Un cuore matto


Non vogliamo entrare nel merito della vicenda perché ne sappiamo troppo poco. Ad esempio non sappiamo che tipo di prestigio ha garantito alla Valle il rapporto con il partner internazionale Heineken Italia Spa. Non conosciamo l’efficacia della promozione turistica-culturale tramite il logo della Regione stampato piccolo piccolo sulle lattine di birra. Non siamo a conoscenza di quali siano gli interessi generali della Valle d’Aosta da difendere con il suddetto accordo, pertanto possiamo affrontare l’argomento con la leggerezza tipica da bar. Dunque, ci pare poco saggio delegare alla birra l’immagine della Valle anche, se perfettamente coerente con le abitudini locali che ci vedono al primo posto in Italia in quanto ubriaconi. Considerate le ultime campagne di divieto di consumo di alcolici agli adolescenti, servirsi della “bionda”, classica bevanda giovanile, come testimonial è quantomeno discutibile no? Che tale “trasgressione” ci costi sette milioni di euro all’anno, pari a ventunmilioni nei tre anni, pari a quaranta miliardi di vecchie lire, ci fa girare… la testa! Dunque, se il prestigio è impalpabile e l’operazione di marketing oltre che dubbia risulta essere carissima, cosa rimane da difendere dell’accordo?
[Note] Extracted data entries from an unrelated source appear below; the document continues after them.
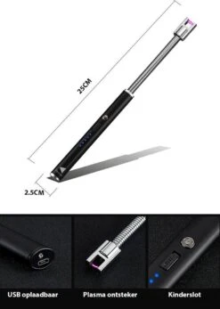 Oplaadbare Lange Elektrische Aansteker – Zwart – Duurzame Plasma Aansteker – Inclusief Cadeauverpakking – BBQ – Kaarsen
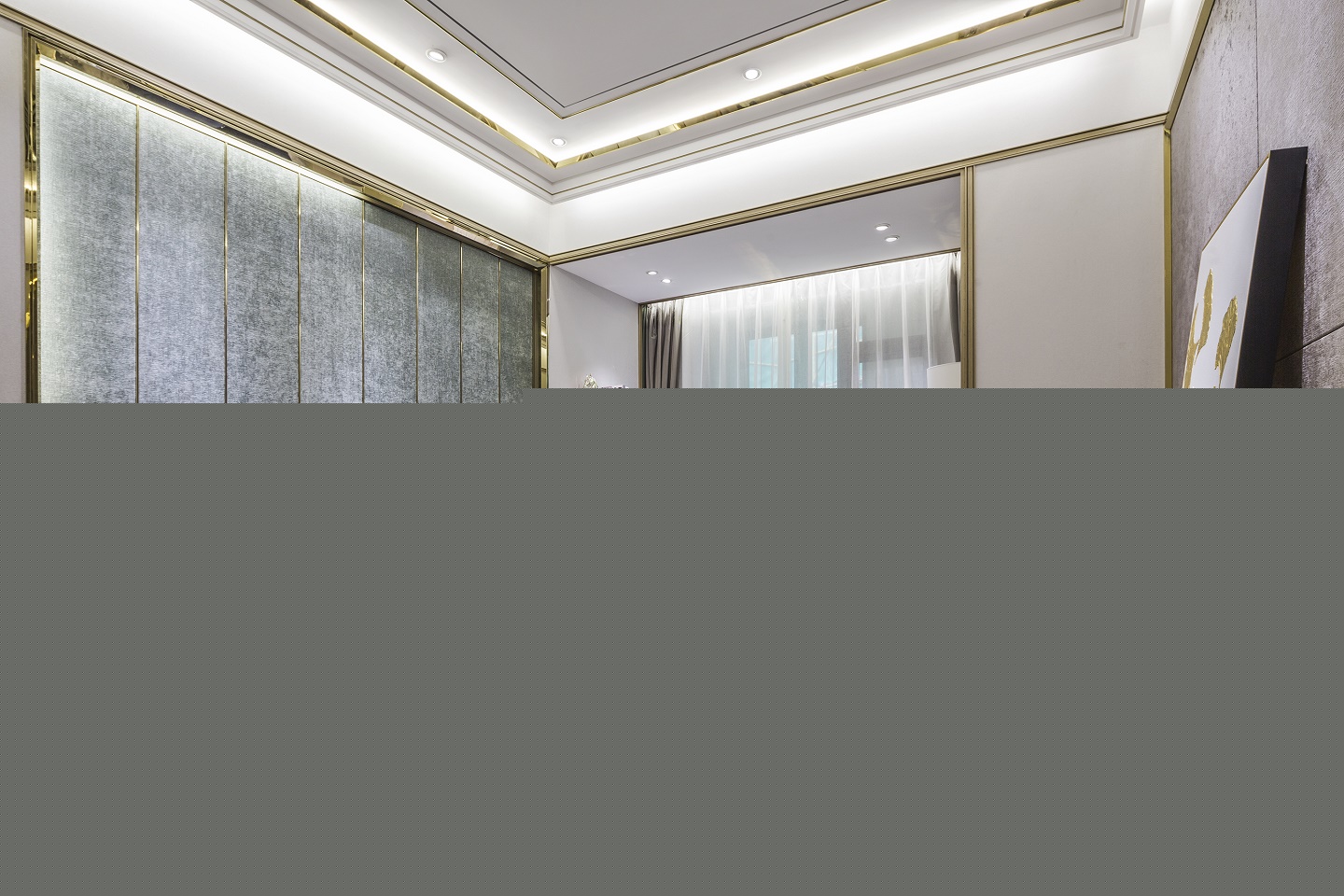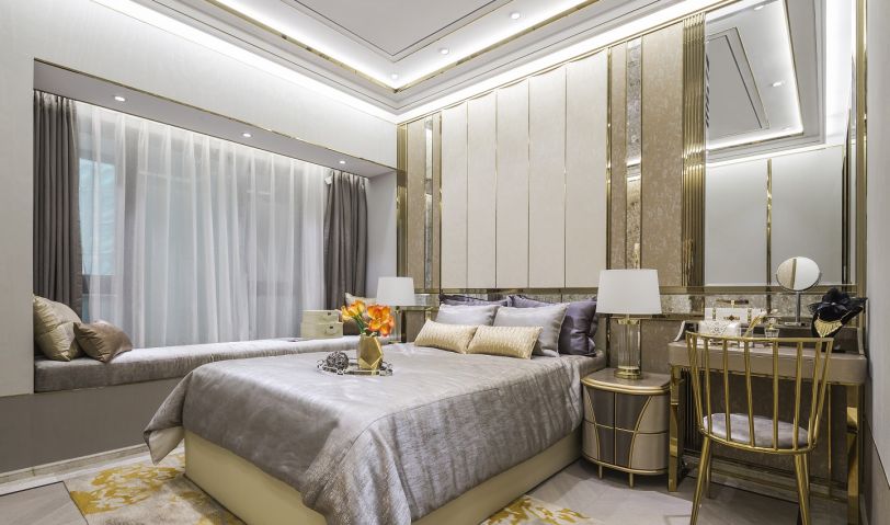 用金色,將之與米黃色結合構成空間的主調氣質,奠定清華流麗的美感基調,輕奢其形,態度其里。干凈利落的天花陰角線與陽角線平行起落,與墻體的鈦金縱向線條相應,立體感和層次感油然而生。
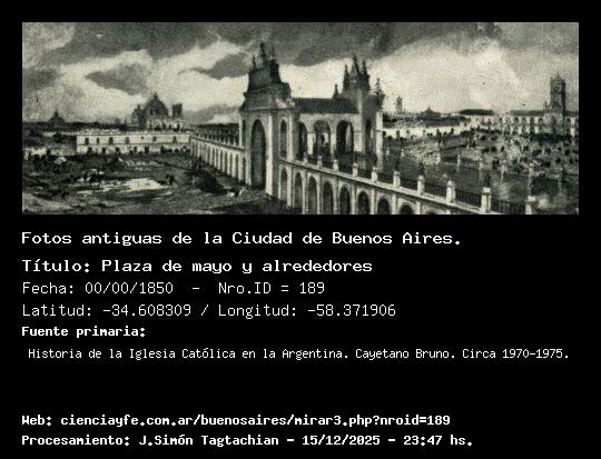 Plaza de mayo y alrededores - 00/00/1850 - [189] - Orden: 12 Fecha estimada. Pintura realizada -no en fecha- por Leonie Mathhis (1883-1952). Se ve el Cabildo y la Plaza Mayor. En el centro la Recova vieja comenzada en 1802 y demolida en 1884. A la izquierda la Plaza de la Victoria donde se rindió Beresford en 1806. Las torres que se divisan de izquierda a derecha son: San Telmo, San Francisco con las torres truncas, la Recova, San Ignacio y el Cabildo.

I settanta lavoratori! Più che giusto pensare a loro, ma quanto ci costano? Se sommiamo la cifra del precedente accordo datato 2006 (13.600.000 euro) con l’attuale arriviamo a 34.600.000 euro! Che divisi per 70 fanno quasi 500.000 euro a testa! L’equivalente di trent’anni di stipendio. Suggeriamo dunque di versare i soldi direttamente sul conto corrente degli operai e di finirla lì, perché nel 2012 è certo che il cuoricino valdostano, stampato sul retro delle lattine, chiederà una nuova e più abbondante trasfusione di sangue!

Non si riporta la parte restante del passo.